Anyone in the room, he said, could become a science fiction writer (or perhaps he said "science fiction author", or maybe "write a science fiction novel"). The problem, he said, is that "you all have lives" (or, he added when some of us denied it, "you've already given your life to something else"). It's very hard, he said, to write a novel and get it published if you're just sort of doing it to check off that box on your list of Life Goals; but if you're willing to start out by getting some short stories published in the magazines, get your name known, make some contacts, and then do the novel, it's not that hard. A little harder than in the past, maybe (he's been writing for like forty years!), but only a little.

(Maybe I'll send off a couple stories to the magazines again; it's been years since I tried that. Who has envelopes?)

So we finished up our desserts and went back to the auditorium for the readings. Vinge read his very short story "Win a Nobel Prize!" (which appeared in Nature, and which I can sometimes find the full text of in Google, and sometimes I get a Nature "please pay us for access" page; very odd). Various other people read other things. I read the excerpt from Greg Bear's "Blood Music" where one of the last humans on Earth is talking to the noosphere, and the uploaded versions of her friends and relatives are urging her to come join them, but she can't bring herself (innovation, see?). People seemed to enjoy it. Someone read from "Player Piano", and someone read from Amis's "Time's Arrow", and someone read from a Harry Potter book. Someone read from Sawyer's "Humans" (the sequel to "Hominids", which I think I once started but trailed off on).

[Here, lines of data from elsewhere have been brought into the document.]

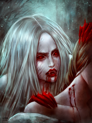#night #bats #blood #bruxa #claws #darkness #digitalart #digitalpainting #forest #fullmoon #perspective #trees #vampire #vampiregirl #witcher #woods #forestwoods #moretags #witcherfanart #witcher3 #witcher3wildhunt #witcher3fanart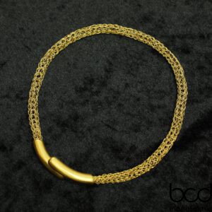 Gold-Choker mit extravagant verlaufendem Verschluss als Mittelpunkt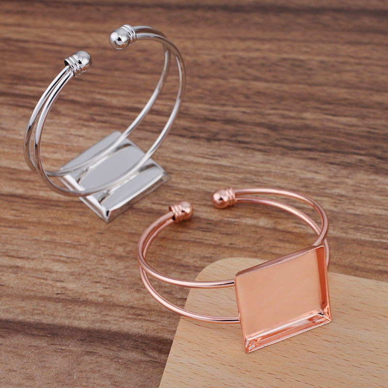 5 Plain Bezel Cup Open Circle Bangle 18KGP 25x25mm Square Cabochon Blank Base Gemstone Setting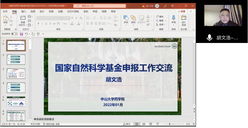 1月24日下午,应williamhill及科技处、前沿院邀请,中山大学药学院经理、国家杰出青年基金获得者、教育部“长江学者”特聘教授胡文浩教授云做客公司“前沿科学报告”,并作了题为“国家自然科学基金申报工作交流”线上精彩学术报告,报告由williamhill副经理李国梁主持,学院全体基金申报教师参加了本次报告。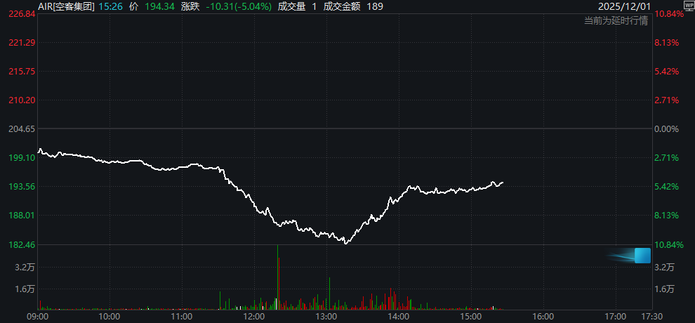 北京时间12月1日晚间,空客集团股价大跌。当天盘中,空客集团德股、法股均一度跌超10%,截至发稿,跌幅收窄至5%左右。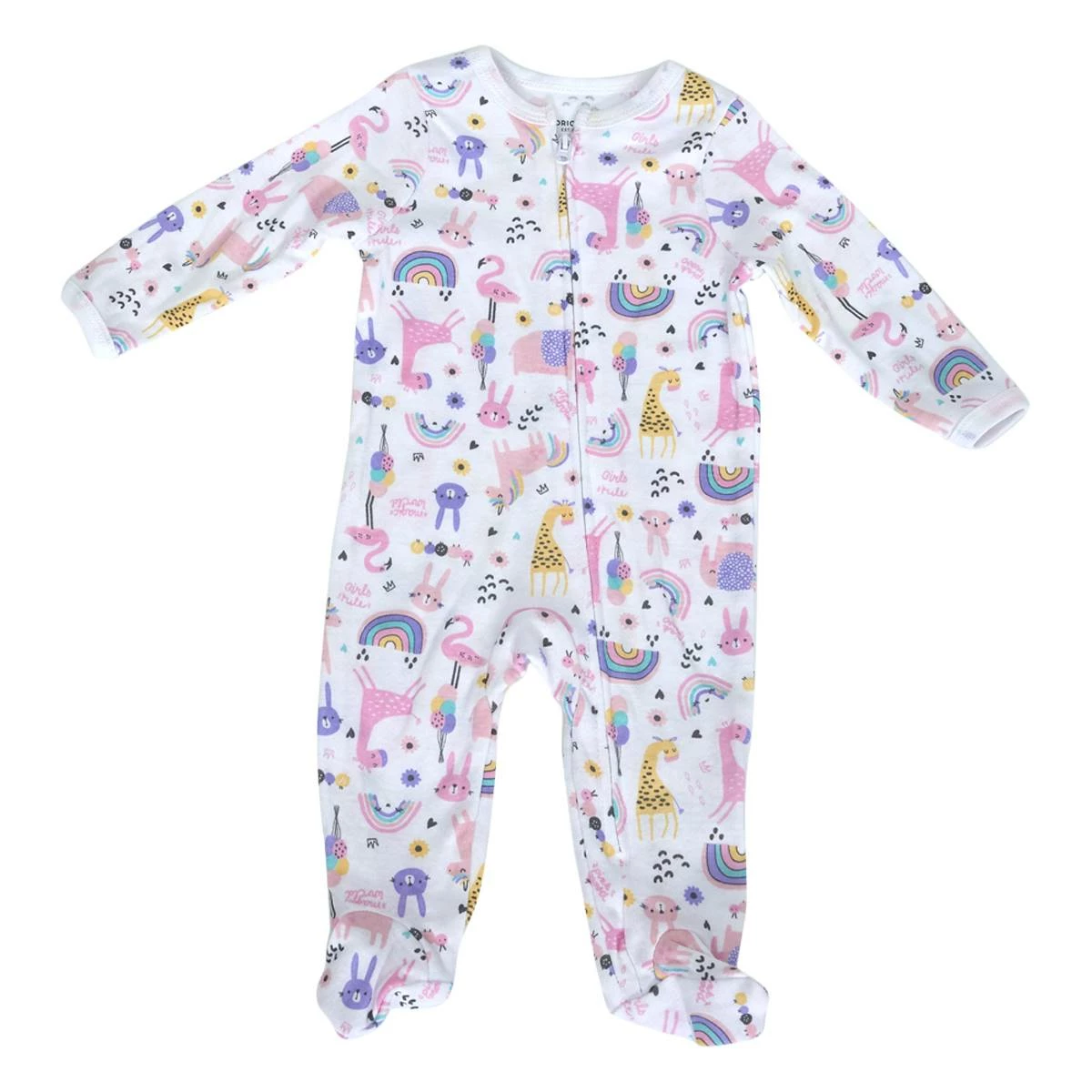 Your little one will be comfy all night in this Baby Girl (NB-9M) Emporio Baby rainbow animal footie sleeper. The sleeper features long sleeves, a full zip closure, built-in footies, and a novelty print.

While people were reading things, I was surfing around, reading reviews of the books they were reading from, adding one or two of them to my Amazon wish list, ordering a used copy of Psychohistorical Crisis, and so on. Vinge was sitting right behind me, and after the reading when we were getting up walking toward the door he said that he'd seen what I was doing with the laptop, and been impressed (I wish I could remember his exact words, so I could have them like engraved on my forehead or something). "I want to do that with this," he said, holding out a little handheld phone or PDA or somat.

And that's really about it. I have this signed Vinge book, and Vinge has (or had) a copy of one of my flash stories with my URL on it, and I've met him in person, and even talked significantly to him. (He's a smart guy, not at all overwhelming in person, articulate and personable, not visibly bursting with ideas and energy, but clearly pretty good at thinking about stuff.)

He hopes to have his next book to the publisher by next spring, which means that we can hope to have it by spring of 2005. It sounds like a near-future story, in the "Fairmont High" sort of world, things starting to get strange, but no High Beyond. I didn't bug him about whether he's going to start the "capstone" book that he mentioned to me in email back in 2000. I hope he does, though! I really want to read that one.

In the meantime maybe I'll read A Fire Upon the Deep again. After I finish these short stories.


Wednesday, September 17, 2003  permanent URL for this entry

It's Wotan's Day! Have you hugged your Wotan lately?

Even more startlingly, Friday is International Talk Like a Pirate Day! This is important! Arrr!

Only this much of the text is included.